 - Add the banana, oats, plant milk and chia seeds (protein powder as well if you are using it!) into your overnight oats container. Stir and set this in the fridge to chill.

...

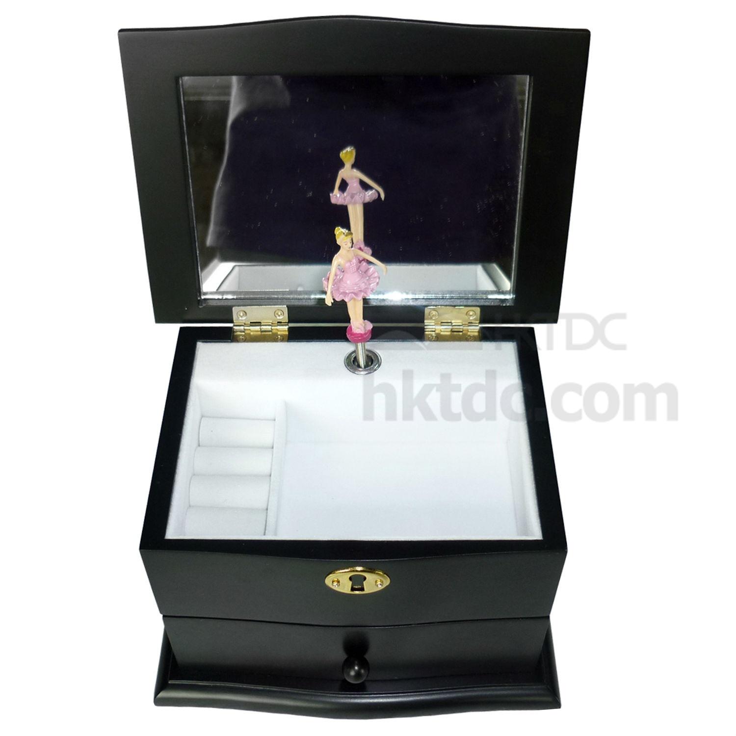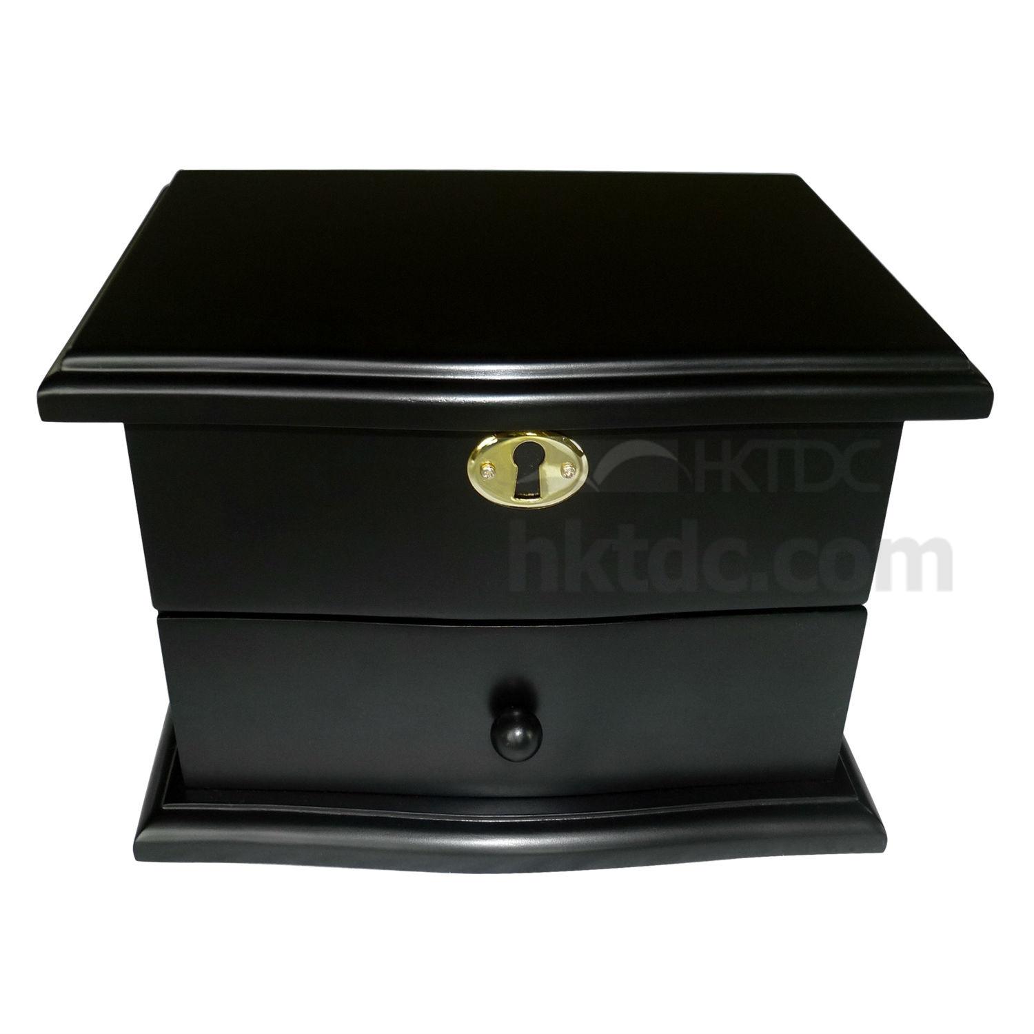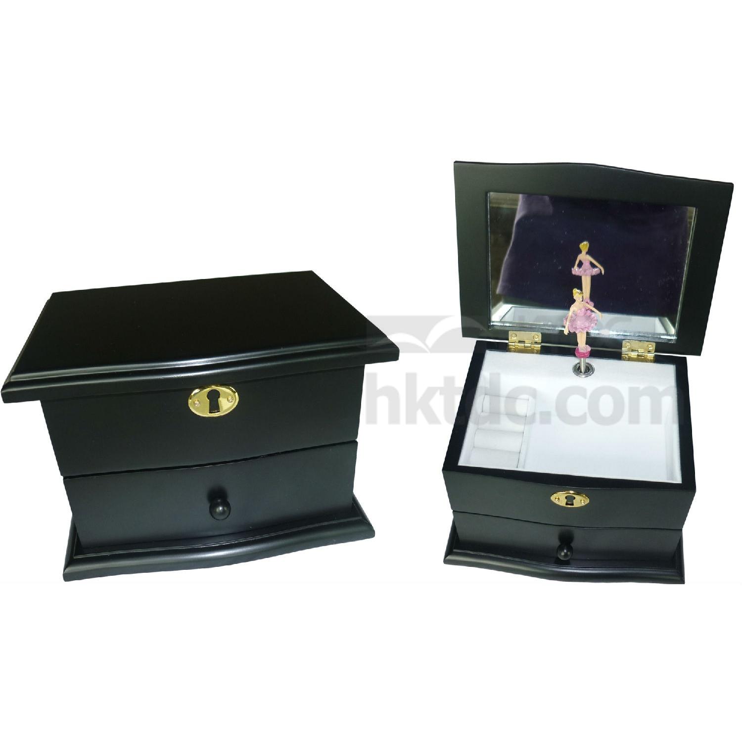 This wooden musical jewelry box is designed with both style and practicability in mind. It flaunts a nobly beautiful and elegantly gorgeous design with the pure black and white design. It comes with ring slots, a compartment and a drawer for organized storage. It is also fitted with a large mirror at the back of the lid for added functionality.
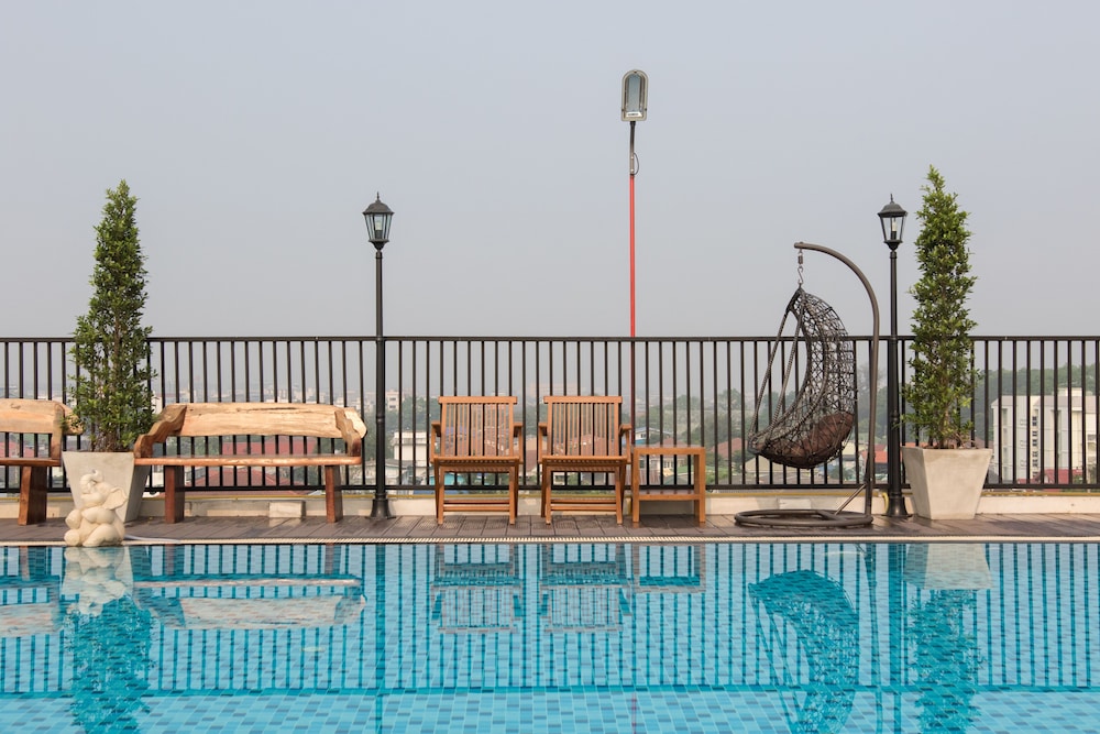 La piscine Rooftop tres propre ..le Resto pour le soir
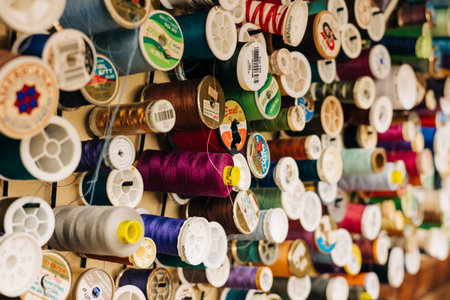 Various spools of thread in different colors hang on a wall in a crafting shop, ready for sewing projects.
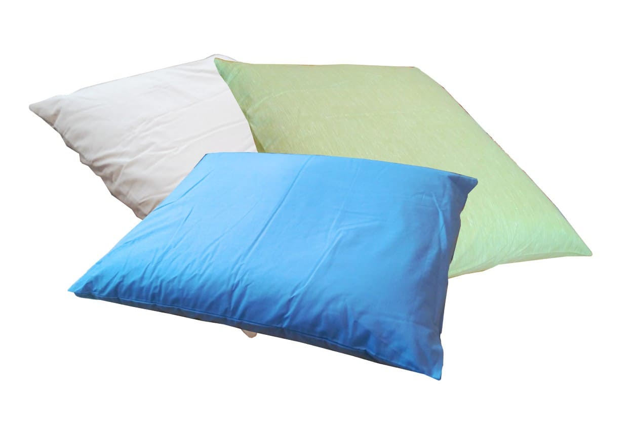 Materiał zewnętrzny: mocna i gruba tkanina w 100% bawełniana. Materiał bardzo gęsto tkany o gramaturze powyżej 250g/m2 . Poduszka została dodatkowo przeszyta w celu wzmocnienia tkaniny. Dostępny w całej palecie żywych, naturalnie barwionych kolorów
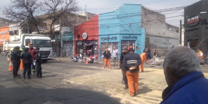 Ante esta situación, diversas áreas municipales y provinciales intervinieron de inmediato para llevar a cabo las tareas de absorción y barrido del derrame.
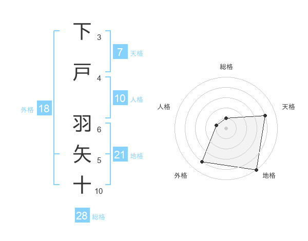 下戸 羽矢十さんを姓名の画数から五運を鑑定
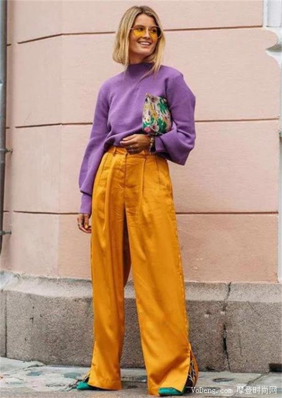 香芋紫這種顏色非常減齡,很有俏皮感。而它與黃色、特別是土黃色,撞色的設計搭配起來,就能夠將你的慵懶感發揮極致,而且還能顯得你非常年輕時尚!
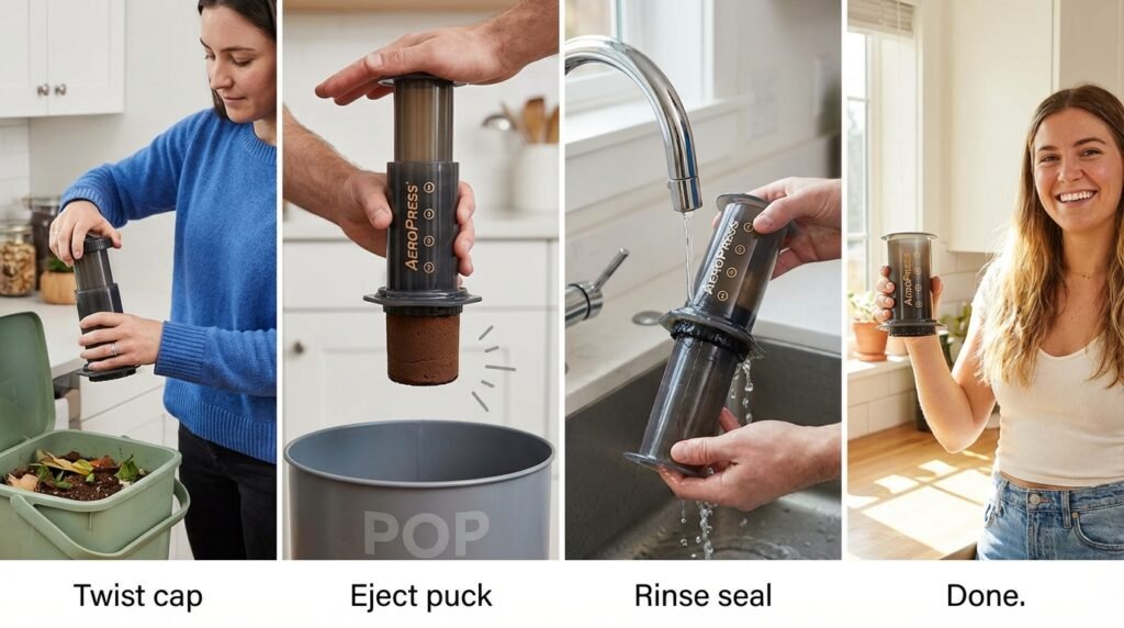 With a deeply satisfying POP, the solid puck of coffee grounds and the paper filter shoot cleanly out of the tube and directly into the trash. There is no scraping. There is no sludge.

---

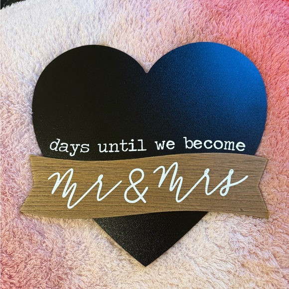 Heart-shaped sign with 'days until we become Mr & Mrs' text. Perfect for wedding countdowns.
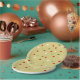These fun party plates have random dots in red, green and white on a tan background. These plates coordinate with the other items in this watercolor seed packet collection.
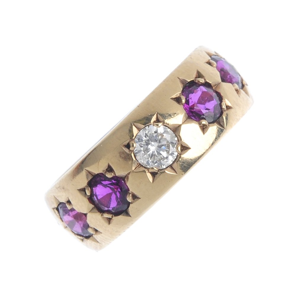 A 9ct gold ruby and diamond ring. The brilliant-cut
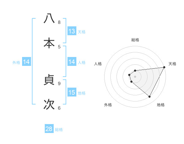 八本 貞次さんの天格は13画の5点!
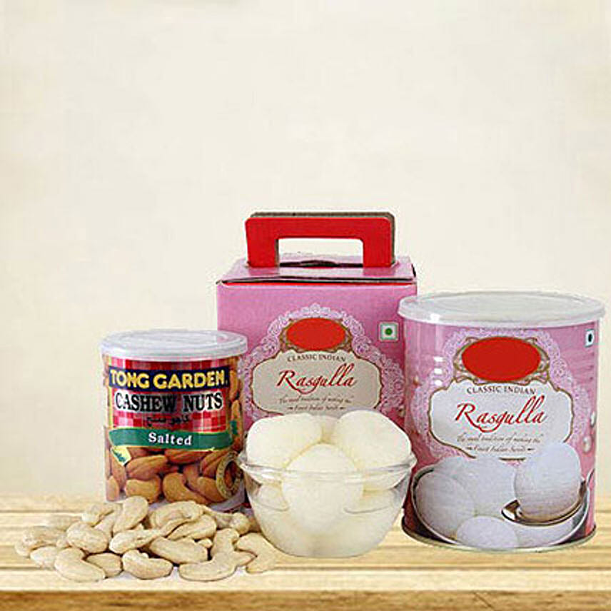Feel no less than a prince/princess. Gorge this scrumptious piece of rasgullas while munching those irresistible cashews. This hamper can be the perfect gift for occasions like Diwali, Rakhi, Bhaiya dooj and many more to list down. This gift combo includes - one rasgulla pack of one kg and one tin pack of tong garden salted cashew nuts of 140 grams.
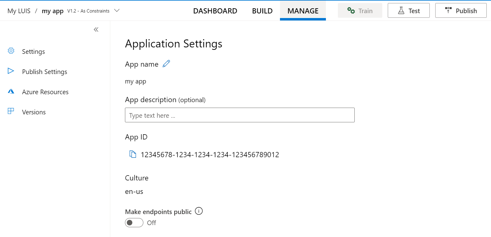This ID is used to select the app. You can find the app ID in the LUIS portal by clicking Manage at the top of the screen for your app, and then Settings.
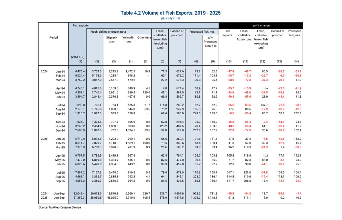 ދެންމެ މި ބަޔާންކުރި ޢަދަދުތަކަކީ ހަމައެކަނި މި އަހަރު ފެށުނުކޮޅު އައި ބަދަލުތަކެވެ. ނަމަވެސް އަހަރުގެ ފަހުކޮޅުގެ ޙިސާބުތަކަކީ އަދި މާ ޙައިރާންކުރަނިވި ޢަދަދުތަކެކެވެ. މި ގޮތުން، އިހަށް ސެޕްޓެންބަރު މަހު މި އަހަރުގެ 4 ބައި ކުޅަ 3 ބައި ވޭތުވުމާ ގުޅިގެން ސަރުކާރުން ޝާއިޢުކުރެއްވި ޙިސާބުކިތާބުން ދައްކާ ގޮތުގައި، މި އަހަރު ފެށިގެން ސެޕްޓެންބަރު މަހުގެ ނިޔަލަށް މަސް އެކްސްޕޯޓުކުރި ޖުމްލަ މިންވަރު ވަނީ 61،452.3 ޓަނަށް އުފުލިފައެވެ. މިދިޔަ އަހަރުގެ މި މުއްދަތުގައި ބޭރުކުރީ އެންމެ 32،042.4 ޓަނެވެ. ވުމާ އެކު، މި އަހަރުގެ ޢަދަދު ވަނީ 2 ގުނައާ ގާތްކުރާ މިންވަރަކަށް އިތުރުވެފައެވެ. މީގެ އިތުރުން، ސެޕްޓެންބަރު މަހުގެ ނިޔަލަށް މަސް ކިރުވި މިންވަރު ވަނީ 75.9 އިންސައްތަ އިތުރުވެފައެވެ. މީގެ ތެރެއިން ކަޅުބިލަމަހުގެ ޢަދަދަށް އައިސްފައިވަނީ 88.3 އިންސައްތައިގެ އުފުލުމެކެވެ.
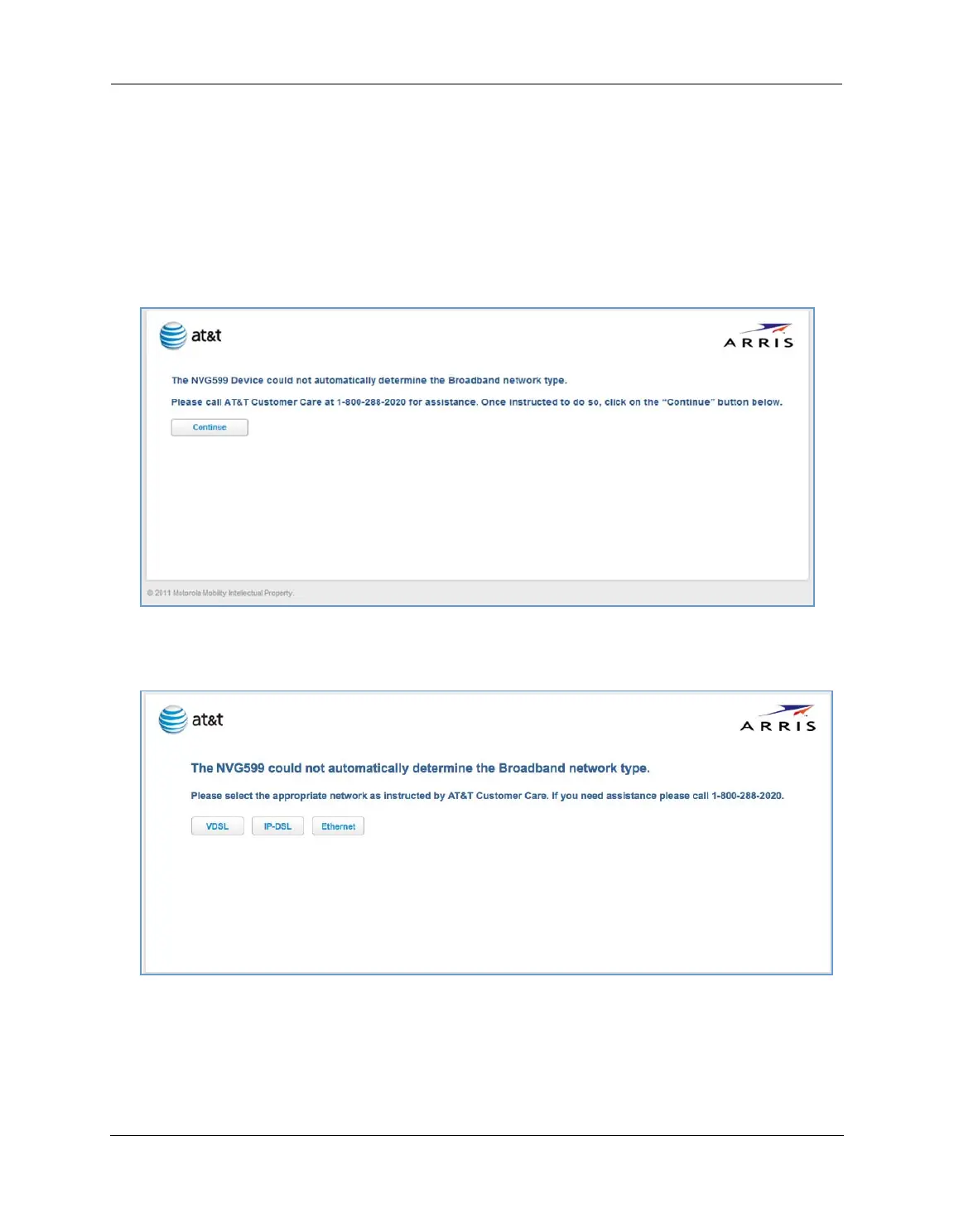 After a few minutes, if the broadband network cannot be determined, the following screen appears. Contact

_Your objective:_ An exact copy is needed of the stretch above that opens with the line containing "A 9ct gold ruby" and closes with the line containing "八本 貞次さんの天格は13画の5点!"; the pictures are not part of it.

_Your response:_
 A 9ct gold ruby and diamond ring. The brilliant-cut
 八本 貞次さんの天格は13画の5点!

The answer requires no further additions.